The mounting storm had Camila on edge. High winds battered the walls and the rain sounded like the gunfire in her worst childhood nightmares, when she dreamed of losing her father again and again to the violence of the drug empire he built—the vast holdings she now controlled.
Guide me, Papa. I need your strength, your cunning.
She had her men spend most of the waning hours of the day, searching for Rafferty’s m
other, using flood lights after it got dark. When they found her canoe, Camila thought they’d find her body. She screamed in rage when that didn’t happen and she emptied her weapon into the boat. After that she’d been forced to wait out the storm at the closest motel. Being unfamiliar with the terrain, they would need the daylight to search.
She let her resentment fester until she couldn’t get the face of Geneva Rafferty out of her mind. Camila had inherited her father’s temper and she resented that the old woman had bested her—a lethal combination. She hadn’t expected Rafferty’s mother to turn the tables with a weapon of her own.

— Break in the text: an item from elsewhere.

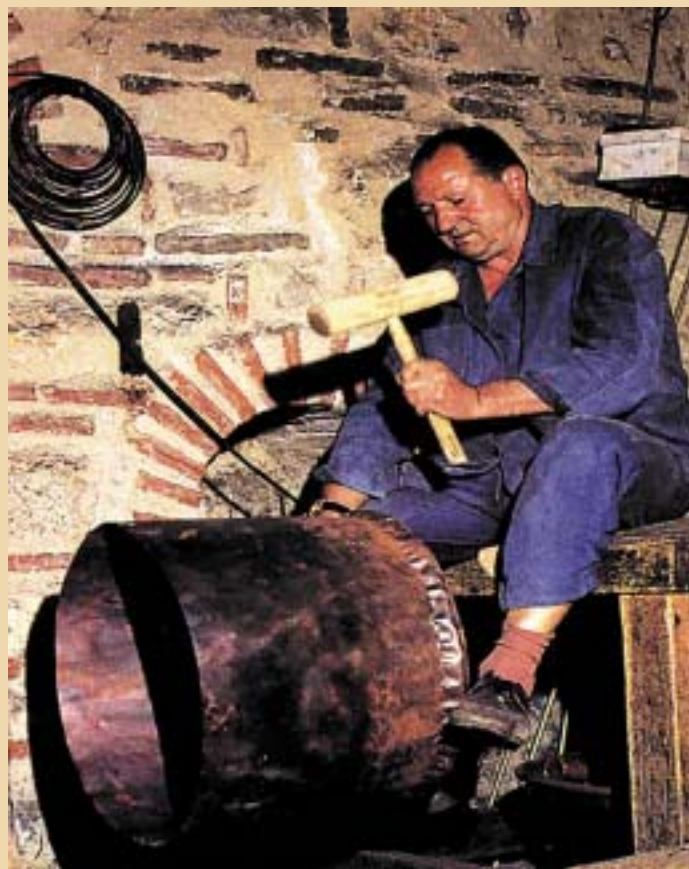
КАЛДРМАТА И ЗАНАОТЕТЕ СЕ УНИВЕРЗАЛЕН ДЕЛ ОД ТРАДИЦИЈАТА

Now Tavio had been shot. He would have more scars on his body.
“I can feel Rafferty,” she said. “He’s here. I know it.”
Dressed in only a robe after she’d showered, Camila used tweezers to pluck the last chunk of metal from Tavio’s face and she dropped it into a plastic cup on the nightstand by the bed, buckshot from Geneva Rafferty’s shotgun. Tavio lay on his back and flinched but he didn’t make a sound. Blood filled the empty hole in his skin and drained down his cheek onto the motel’s cheap towel. Tavio had been taught to endure pain. His extreme tolerance for it had drawn them closer together, whenever she needed the…release.
Every flicker of agony in Tavio’s dark eyes was foreplay for what would come. She needed the distraction of his body—and she would have it. Perhaps she would have both of them tonight.
“That old woman nearly shot me…and you let her get away.”
She dug into his skin and twisted the tweezer tip, pulling open one of his chest wounds.
“You deserve to be punished—and more. Both of you.”
Amadeo glanced at his brother. Without a word, they communicated in the language of twins. They understood what she meant by punished. She’d seen their silent exchanges before. Camila needed someone to take the blame for how things turned out.
They were convenient.
“You were right,” Amadeo said. “His cell appears to be offline now, but it pinged cell towers near here. Not long ago. Rafferty is here.”